お墓というのは、あまり好きじゃない。死んだというのをはっきりと刻み込んでいる証で、死を忘れられない象徴だからだ。
だから、柊美音はシュナイダーを失ったとき、お墓を作るのを嫌がった。悲しみを引きずり、喪失したことを受け入れるのを拒んだ。
ここに愛犬のお墓を作ったのは、彼女なりのけじめで、そして証明なんだと優しげな微笑みを携えた晴れやかな相貌が語っている。
たったそれだけで前兆がおこりそうになって、やや慌てて逸らす。
海外に行ってから二週間。改めて恋人となった女の子の美しさと愛おしさが増していくみたいに感じる。
「夏になると蒸し暑いからホースで水を撒いて涼しくするの。

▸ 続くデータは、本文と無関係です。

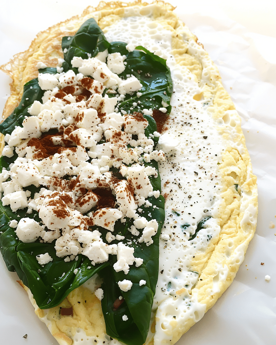 A light and protein-rich omelette made with fluffy egg whites, sautéed spinach, sun-dried tomatoes, and crumbled feta. This 10-minute breakfast is flavorful, satisfying, and perfect for a healthy start to the day.
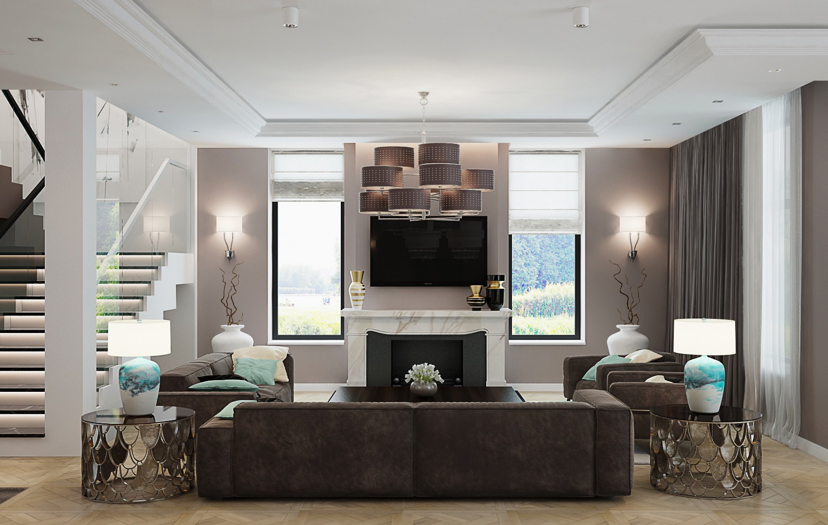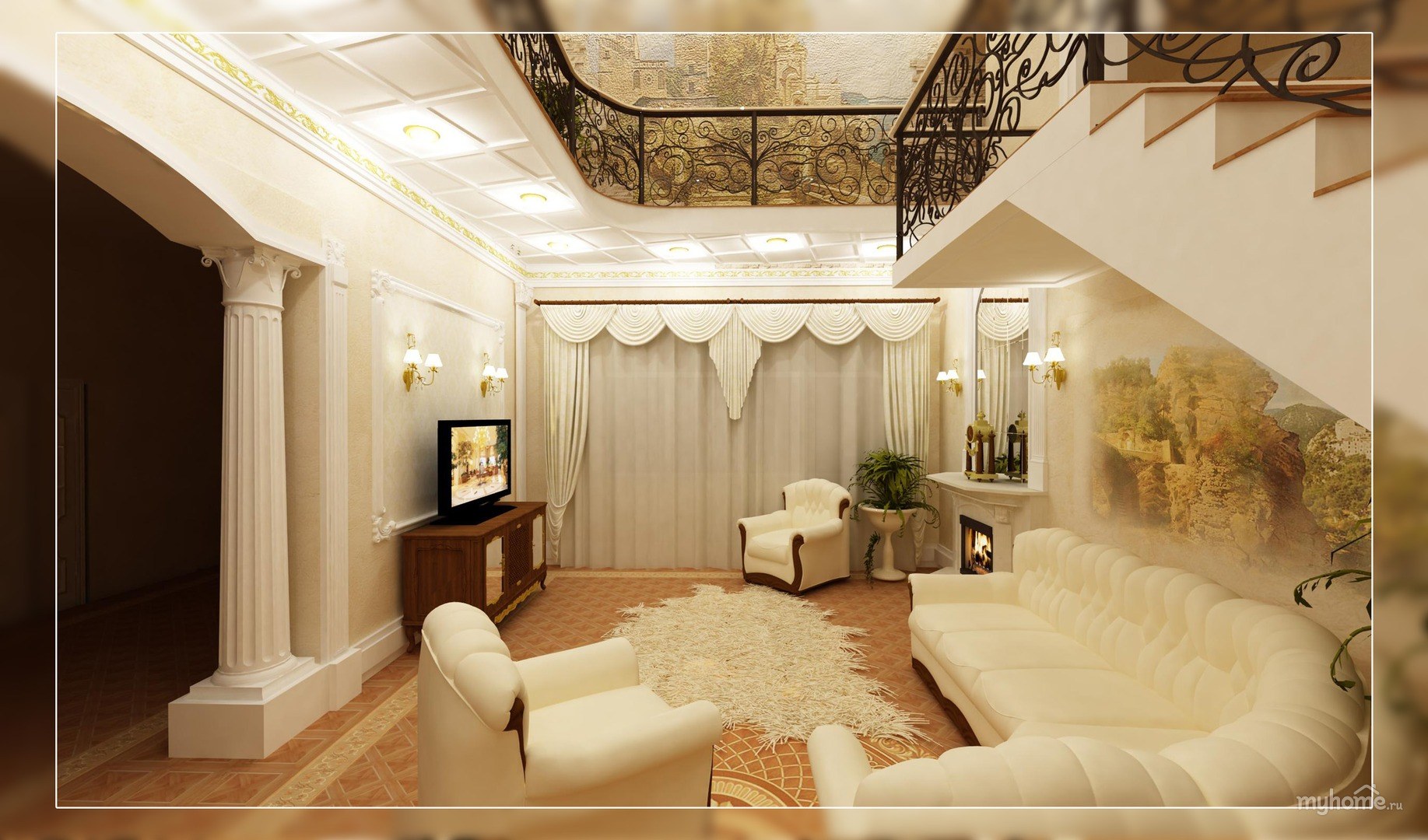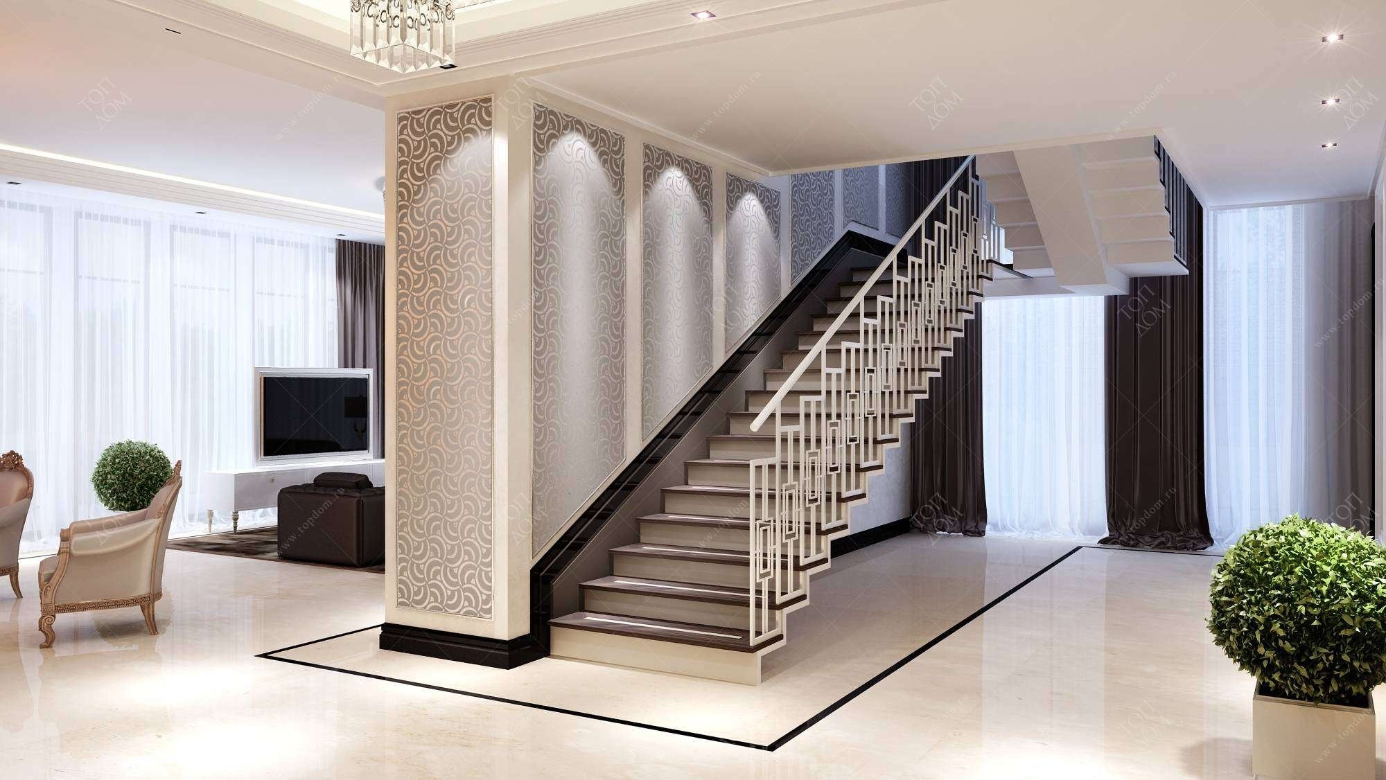 Холл гостиная с лестницей
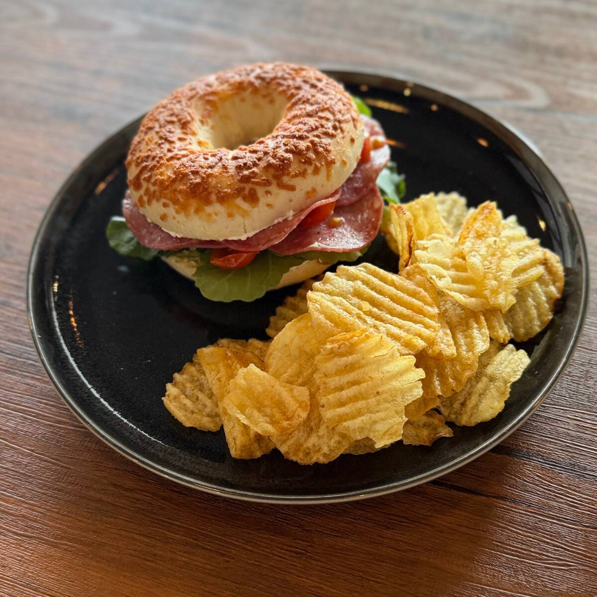 Bagel con una capa de queso crema, salami, arúgula, tomate cherry y un toque de salsa pesto. acompañado de papas
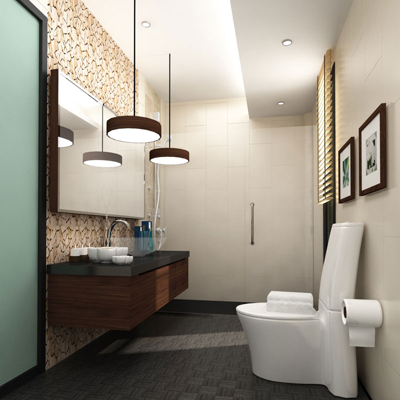Mẫu nhà vệ sinh sử dụng tông màu nâu gỗ ấm áp và thu hút người nhìn cùng những mobs đồ vệ sinh tông trắng.
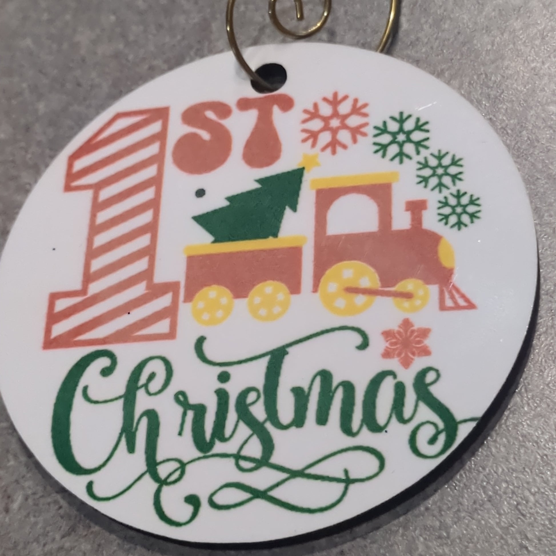 Mdf ornament is two and three quarters in diameter. Occasionally some of the print will transfer to the back side where there is no design
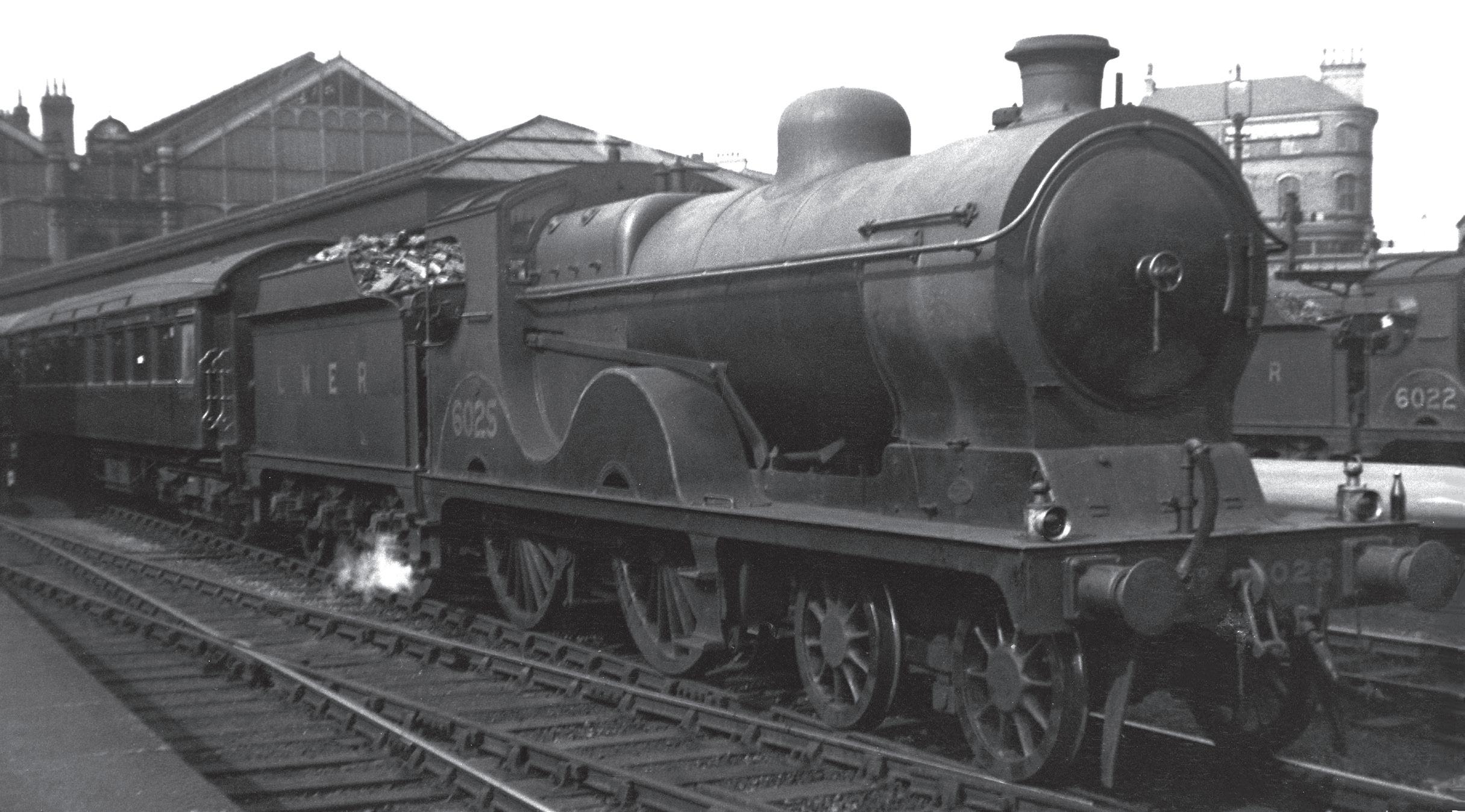 Opposite:1934.OnthismistydayatNottinghamVictoriastation,ex-GCRClass11E (LNERClassD10)’Director’4-4-0No5429 PrinceHenry iswaitingtodepartwitha passengerworking.ConstructedatGortonWorksduring1913,shewasoneofonly tenexamplesoftheclassandwouldbecomeNo62650withBritishRailwaysandbe withdrawnduring1954.Initiallynamed SirAlexanderHenderson until1917when shewouldbecome SirDouglasHaig untilthe1920swhensheacquiredherfinal name.(GB86)
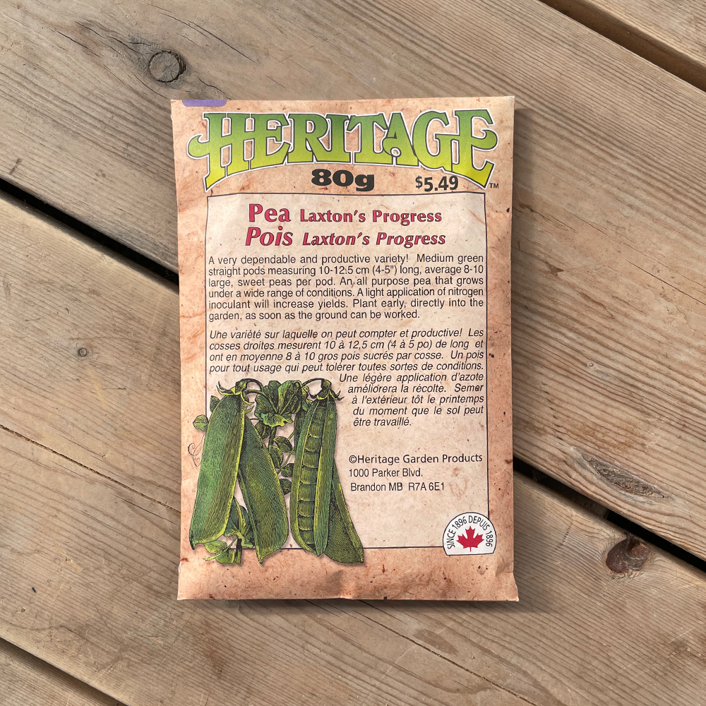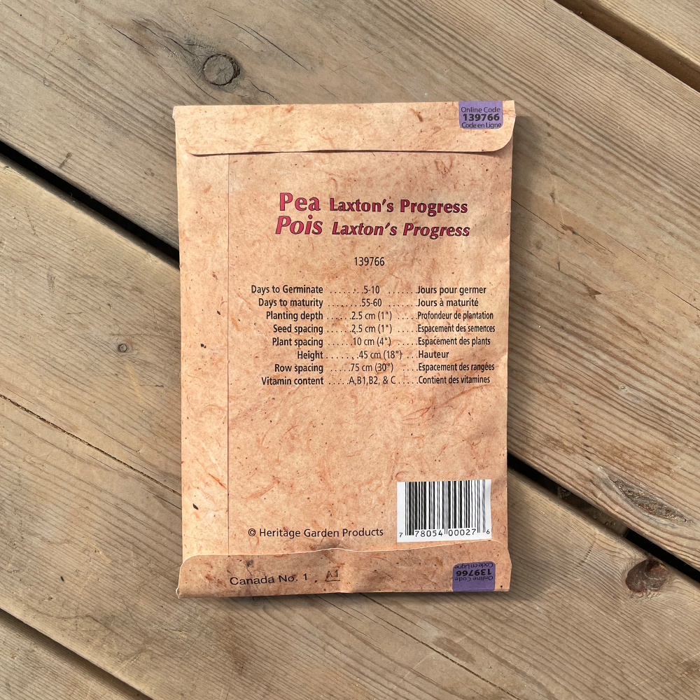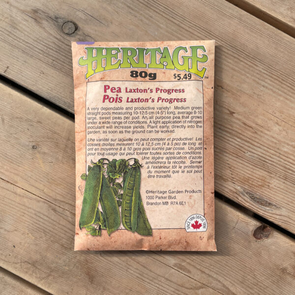 Laxton’s Progress Peas are a very dependable and productive variety! One of the earliest maturing peas, with a dwarf habit. Produces 10-12.5 cm (4-5″) pods with 8-10 large, sweet peas. Good yielder. An all purpose pea that grows under a wide range of conditions. Successive sowings every two weeks until early June, while the soil is still relatively cool, will prolong the harvest season.
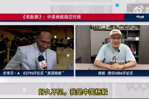 體育資訊6月12日訊 NBA總決賽G3現(xiàn)場,“美國楊毅”A-史密斯和楊毅視頻連線。
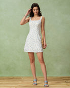 De Blossom Belle Dress is een frisse, vrouwelijke mini-jurk die perfect is voor zonnige dagen en luchtige momenten. De delicate bloemenprint op een zachte witte achtergrond straalt romantiek uit, terwijl de vierkante halslijn en aangesloten taille een flatterend silhouet creëren. Ideaal voor zowel casual uitstapjes als zomerse feestjes.
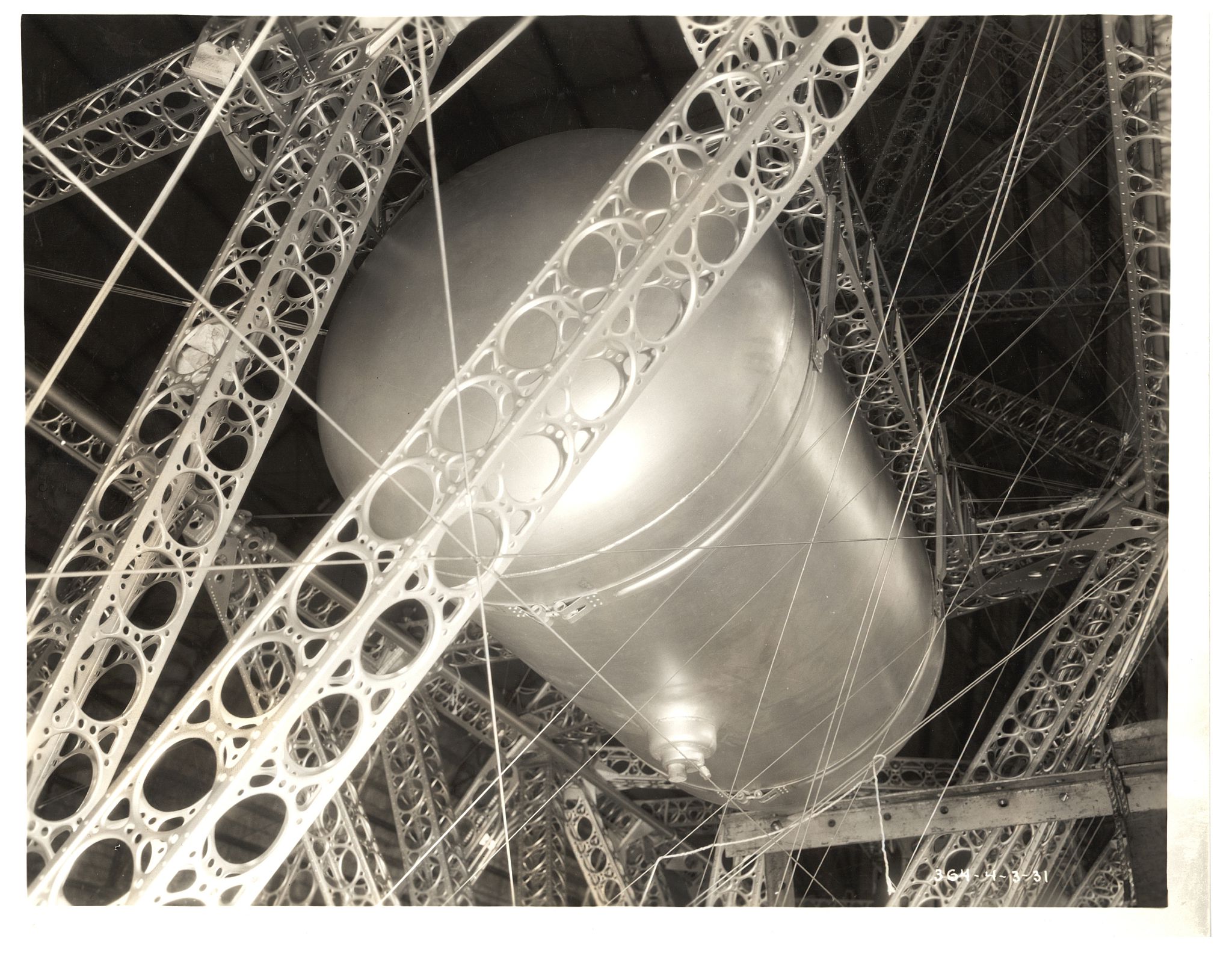 690k | Original Caption: "Photograph of the Interior Hull of a Dirigible before Gas Cells were Installed, ca. 1933." Note that this photo is often shown upside down and mirrored. Actual date is 28 June 1931. This is Goodyear-Zeppelin Corporation archives photo 738-B. (Thanks to Hendrick Stoops for the additional information.) |

そうするとすぐにはしゃいじゃって私と一緒に水浸しになったままお昼寝してたわ。あの子はすぐに渇くからいいけど、私は着替えさせられて不公平だっておもってたのよ」
きっとこれからの彼女はここに来るたび、見る度、シュナイダーを思い出すだろう。涙を流すのではなく、感謝の念に溢れた懐かしさに浸るだろう。
克服した彼女なら、それができるのだ。
いつ頃だったのだろうか。病院での医師による診断と見解によると、彼女が抱え続けていたペットロス症候群は治っているということだった。
長い年月を経ても治らなかったというのに、もう治療する必要がないことに、驚愕し、困惑した。けど、医学的に基づくと自然なことだったらしい。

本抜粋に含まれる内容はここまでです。